Following the outbreak of World War I in July 1914, the five Kaiser Friedrich III-class ships were reactivated to form V Battle Squadron, with Kaiser Wilhelm II again as the flagship. They served briefly in a coastal-defense role in the North Sea before being transferred to the Baltic in September for operations against the Russian Empire. They were slated to carry an amphibious assault force to Windau in late September, but false rumors of British warships having entered the Baltic led to the operation being cancelled. They made a sweep into the northern Baltic in December but did not encounter any Russian warships. In January 1915, they were moved back to the North Sea for guard duties, but they were quickly decommissioned the next month. The ships were by then thoroughly obsolete and were far too vulnerable to modern weapons, particularly the British submarines that had begun operating in the Baltic. In addition, the navy was facing severe crew shortages and decided that older vessels of limited combat use like the Kaiser Friedrich III class could not be maintained in service.

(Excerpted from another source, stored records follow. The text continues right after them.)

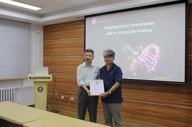 9月10日,应beat365在线唯一官网登录材料学院董宇平教授的邀请,韩国科学院院士、韩国高丽大学Kim Jong Seung教授及其课题组博士后Won Miae,博士生Son Subin和Kim Jihyeon来到北理工开展学术交流,并做了题为“Targeting Cancer Bioenergetics with an activatable prodrug”精彩报告。
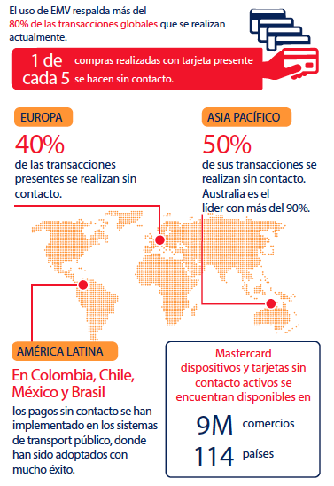 Mastercard introdujo las tarjetas sin contacto en 2003 para ofrecerles a los consumidores una forma segura y sencilla de pago que les ayudara a avanzar más rápido en las filas de las cajas de pago. Actualmente existen más de 370 millones de tarjetas sin contacto aceptadas en más de 9 millones de ubicaciones en 114 países.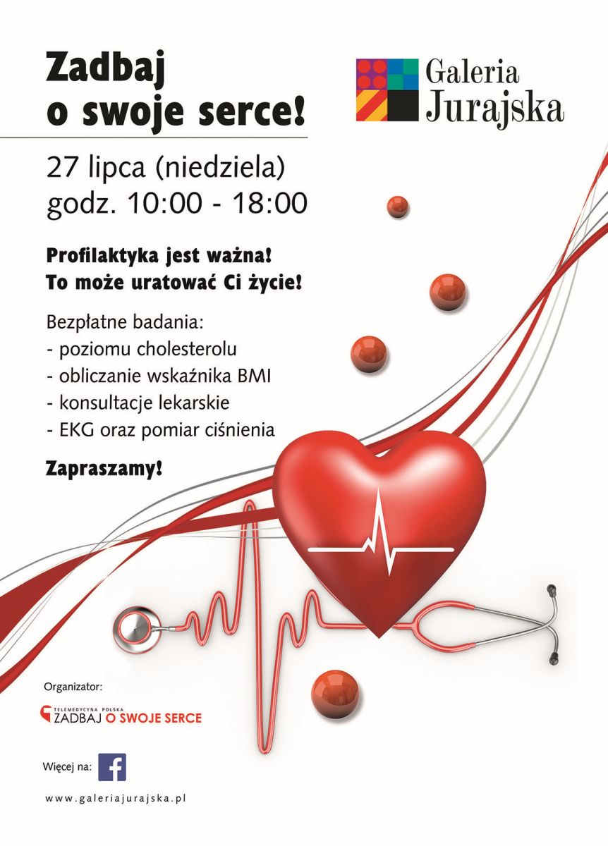 Bezpłatne badania serca w Galerii Jurajskiej będzie można wykonać 27 lipca w godz. 10.00-18.00. Będzie to piąta i tym samym ostatnia akcja w regionie w ramach kampanii „Zadbaj o swoje serce” organizowana przez Telemedycynę Polską S.A.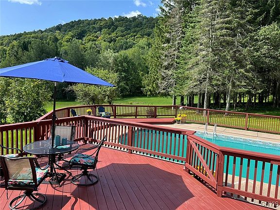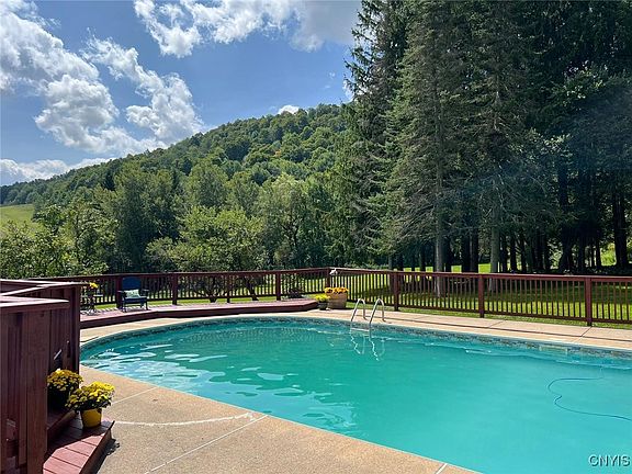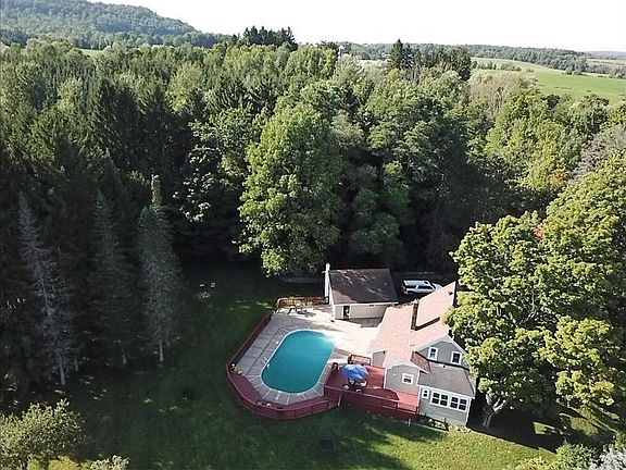 MAGNIFICENT SEVEN! Acres that is...This beautiful 3 bedroom 2baths home is located in a dream setting of little over 7 acres of rolling hills. About 2 acres is mowed; the rest is left for you to discover; hike, ride, hunt or swim in your inground swimming pool. The detached 2 car garage has a 3rd overhead door opening to the back yard, so bring the toys and let the fun begin. As an added bonus there is a working wood stove and a fridge in the garage. Entering the home from the driveway you will walk through a huge mudroom area into a beautifully remodeled kitchen with dove shaker cabinets, stainless steel appliances and granite countertops. There is a full bathroom, a giant living room, a formal dining room and a light filled sunroom on the main level. The second floor has 3 bedrooms, a full bath and ample storage. The home's heating system has been converted from oil to propane with a new high efficiency boiler and on demand hot water heater. New roof on the main house and new siding in 2023. The home received some new windows, new front and side entrance doors, new electric entrance and an overall beautiful update. There is a barn for extra storage. Seller is related to broker.

On 5 March, the ships were dispersed to various ports, had their crews reduced, and were eventually disarmed. Kaiser Wilhelm II was stationed in Wilhelmshaven as a headquarters ship for the commander of the High Seas Fleet, a role she continued to fill after the war. Kaiser Karl der Grosse was used briefly as an engine-room training ship before being converted into a prison ship; Kaiser Friedrich III and Kaiser Barbarossa also served as floating prisons in Kiel and Wilhelmshaven, respectively. Kaiser Wilhelm der Grosse became a depot ship before being relegated to a torpedo target ship in 1916. The guns taken from the ships were used as coastal artillery in the North Frisian and East Frisian Islands in the North Sea and to guard Libau in the Baltic. All five ships were broken up between 1920 and 1922 after the end of the war to ensure Germany complied with the naval disarmament clauses of the Treaty of Versailles. The bow ornaments from Kaiser Friedrich III and Kaiser Wilhelm II are preserved at the Militärhistorisches Museum der Bundeswehr in Dresden.